9’ Mesosoma not costulate (Fig. 9b). Petiolar node subtriangular in lateral view ………………………………………………………………………………… C. iheringi.

(10) Pro and mesonotum at the same level of propodeum in lateral view. Propodeum dorsum convex in lateral view.………………………………………………………… C. striatus

10’ Pro and mesonotum higher than propodeum in lateral view. Propodeum dorsum straight, at most slightly convex, in lateral view …………………………………… C. circularis

11 (7’)—Propodeal dorsum strongly convex anteriorly. Petiolar node scale-like in lateral view, anterior and dorsal margins continuous, forming single convexity (Fig. 10a) ………………. C. elevatus (see dimorphus-group comments section about C. abscisus).

11’—Propodeal dorsum slightly convex anteriorly. Petiolar node trapezoidal in lateral view, anterior and dorsal margin forming an angle; node higher posteriorly (Fig. 10b and c)..……………………………………………………………………………………….. 12.

12 (11’)—Petiolar node subtrapezoidal in lateral view, higher posteriorly (Fig. 10b and c) ………………………………………………..……….………………………………….………… 13.

12’—Petiolar node not subtrapezoidal in lateral view, higher medially ………………. 14.

13 (12)—Propodeum dorsum straight to convex in lateral view; posterior margin straight. Petiolar node inclined anteriorly in lateral view (Fig. 10b) …………………. C. caracalla.

13—Propodeum dorsum lower posteriorly in lateral view; posterior margin concave. Petiolar node not inclined anteriorly in lateral view (Fig. 10c) ………………. C. pachylepis.

14 (12’)—Propodeal dorsum only 1/3 descending posteriorly in lateral view. Petiolar node with anterior margin curving near to spiracle (Fig. 11a) ………………. C. propinquellus.

14’—Propodeal dorsum descending 2/3 posteriorly in lateral view. Petiolar node with anterior margin curving distant from the spiracle (Fig. 11b) ……..……… C. propinquus.

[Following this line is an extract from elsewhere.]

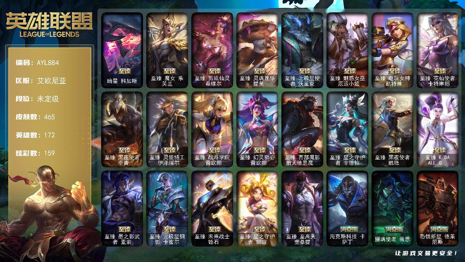 [17745034]未定级段位-172英雄-465皮肤-159炫彩-2终极-24神话-84限定-62传说-77史诗 【神话皮肤】:暗星科加斯 【至臻皮肤】:至臻魔女乐芙兰,至臻剪纸仙灵希维尔,至臻灵魂莲华提莫,至臻北极星使者沃里克,至臻魅惑女巫厄运小姐,至臻电玩女神凯特琳,至臻花仙使者卡特琳娜,至臻黑夜使者李青,至臻灵能特工伊泽瑞尔,至臻战斗学院蕾欧娜,至臻幻灵狮心蕾欧娜,至臻西部魔影猎天使恶魔泰隆,至臻星之守护者辛德拉,至臻黑夜使者凯隐,至臻KDAALLOUT卡莎,至臻墨之影武者亚索,至臻北极星钢影卡蜜尔,至臻未来战士锤石,至臻星之守护者妮蔻,至臻至高天奎桑提 【海克斯皮肤】:海克斯科技卡萨丁,摄魂使者薇恩,恐惧新星德莱厄斯 【臻彩皮肤】:天龙之子卡莎飞龙乘云,无畏骑士瑟庄妮赤子初心,墨之影武者亚索金墨耀影,征服者阿利斯塔炫金,神龙尊者圣龙李青龙腾云起,西部天使赛娜神选天使长,源计划联合艾希红莲之弓,黎明使者锐雯黑夜使者,可爱可爱粉红红布里茨,战斗学院盖伦不死鸟,魔女阿卡丽虚荣,净雪之月莫甘娜冬虹,灌篮高手德莱厄斯金色神话 【年限皮肤】:北辰之威内瑟斯,王国机神苍狼瑟提,王国机神白虎贾克斯,福牛守护者厄斐琉斯,福牛守护者德莱厄斯,天龙之子斯莫德 【情人节限定】:水晶玫瑰斯维因 【冰雪限定】:幸福女神乐芙兰,圣诞狂欢努努和威朗普,狂心冰王图奇,阿木木“主人不要我了”,胡桃夹子萨科,英勇玩具兵普朗克,邪恶圣诞老人维迦,夺命美人卡特琳娜,圣诞老人古拉加斯,魄罗骑士瑟庄妮,冰雪节格雷福斯,冰雪兽纳尔,北极星神黛安娜,北极星使者彗 【终极皮肤】:斗魂觉醒莎弥拉,灵魂守卫乌迪尔 【限定皮肤】:卧虎藏龙贾克斯,冠军之血希瓦娜,冠军之矛卡莉丝塔,冠军之刃锐雯2016,冠军之志瑞兹,2023全球总决赛雷克顿,Fnatic古拉加斯,Fnatic迦娜,暗杀星奥莉安娜,暗杀星蒙多,暗杀星努努和威朗普,SKTT1贾克斯,SSW泰隆,SSW雷恩加尔,SKTT1雷克顿,SKTT1瑞兹,SKTT1伊莉丝,SKTT1艾克,iG菲奥娜,iG艾瑞莉娅,iG卡莎,iG乐芙兰,FPX普朗克,DWG奈德丽,EDG格雷福斯,EDG佛耶戈,EDG佐伊,EDG厄斐琉斯,EDG悠米,DRX亚托克斯,玉剑传说无影,灵能特工易,暗裔英雄盖伦,胜利女神瑟庄妮,胜利凤凰艾尼维亚,胜利之王泰达米尔,胜利巨口克格莫,胜利女神娑娜,死亡誓约卡特琳
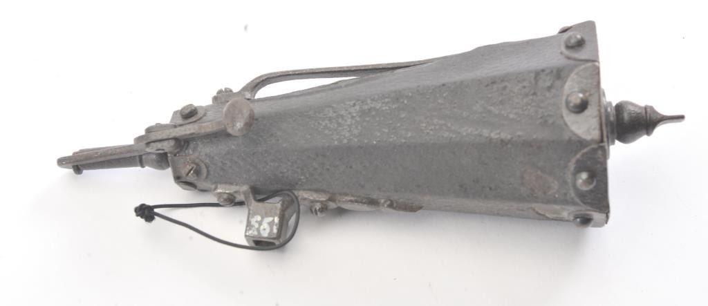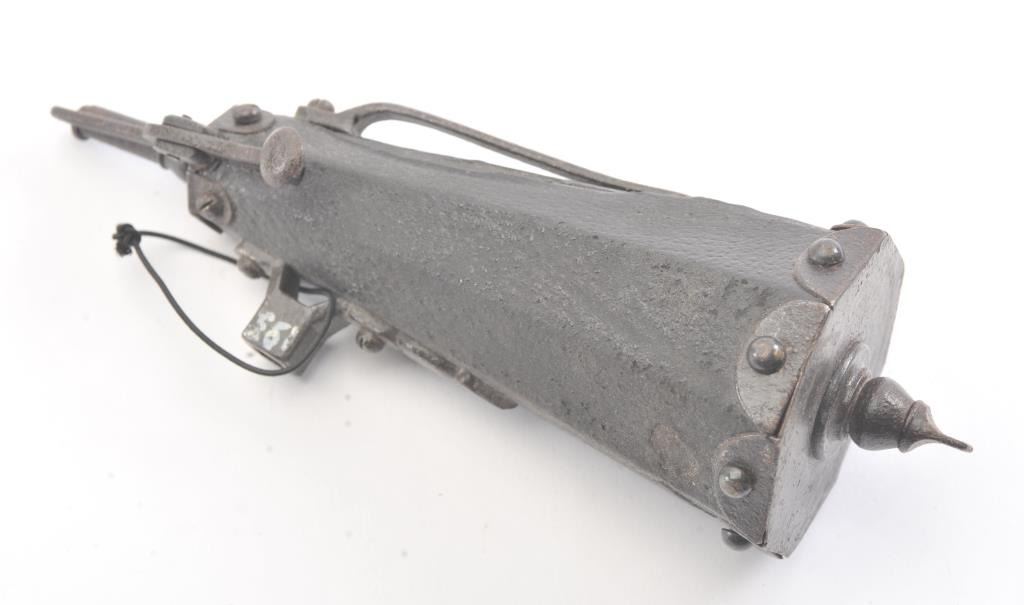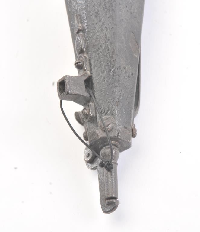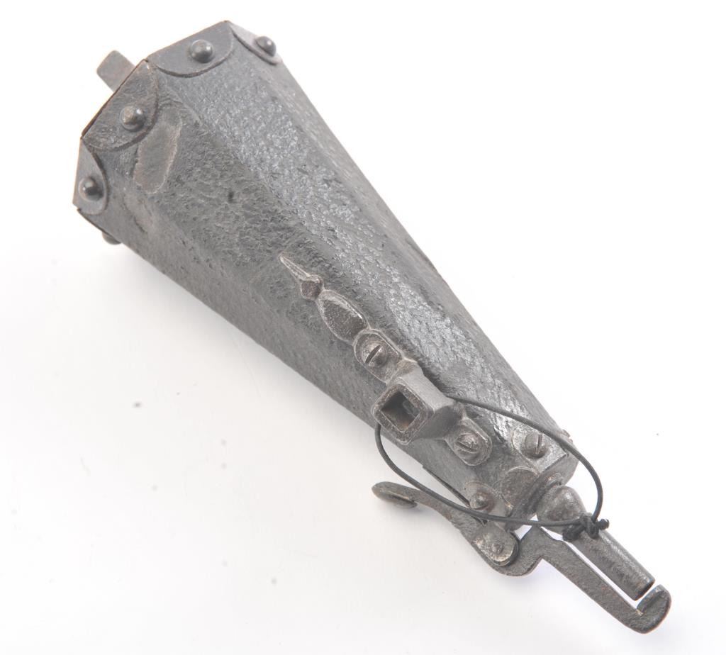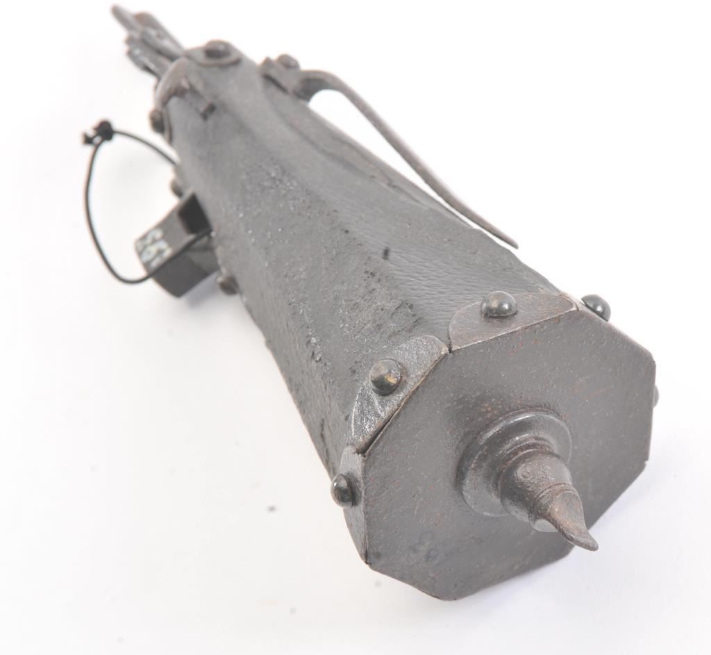 Germanic wheelock combo tool and flask circa 1580-1650. Has spanner wrench and screw driver. Leather covered body. Measures 7 3/4" from tip to end and 2 1/2" across the widest part of the bottom. Dark patina with somepitting and loses of leather but fair to good for its age. Belt hook attached. A military issue style probably Saxson. Est.: $600-$1200

Camponotus (Myrmobrachys) cameloides França, Cubillos, Chaul, Prado & Lattke.

(Figs. 4a, 12 and 13).

Type specimens

Holotype worker. BRAZIL: Minas Gerais: Parque Nacional da Serra do Cipó, Capão dos Palmitos, -19.369074 -43.616814, vii.2014—iii.2015, Fieto, L. col., C4 A2 54P [arboreal pitfall] (DZUP, UFV-LABECOL-009812). Paratype workers. Same data as holotype (11 at CELC: UFV-LABECOL-009224, UFV-LABECOL-009705, UFV-LABECOL-009225, UFV-LABECOL-009235, UFV-LABECOL-009216, UFV-LABECOL-009227, UFV-LABECOL-009232, UFV-LABECOL-009228, UFV-LABECOL-009237, UFV-LABECOL-009229, UFV-LABECOL-009226; one at INPA: UFV-LABECOL-009223; one at DZUP: C1 A11 14S.1 UFV-LABECOL-009231; one at MPEG: UFV-LABECOL-010053; two at MZUSP: UFV-LABECOL-009236, UFV-LABECOL-009670; one at PSWC: ANTWEB1032633).

Etymology

The specific epithet cameloides (from the Latin words camelus, meaning “camel”, + oides suffix, meaning “resembling, having the form of'') is a singular and masculine adjective in the nominative case. It refers to the remarkable mesosomal shape of this species that resembles a camel's back.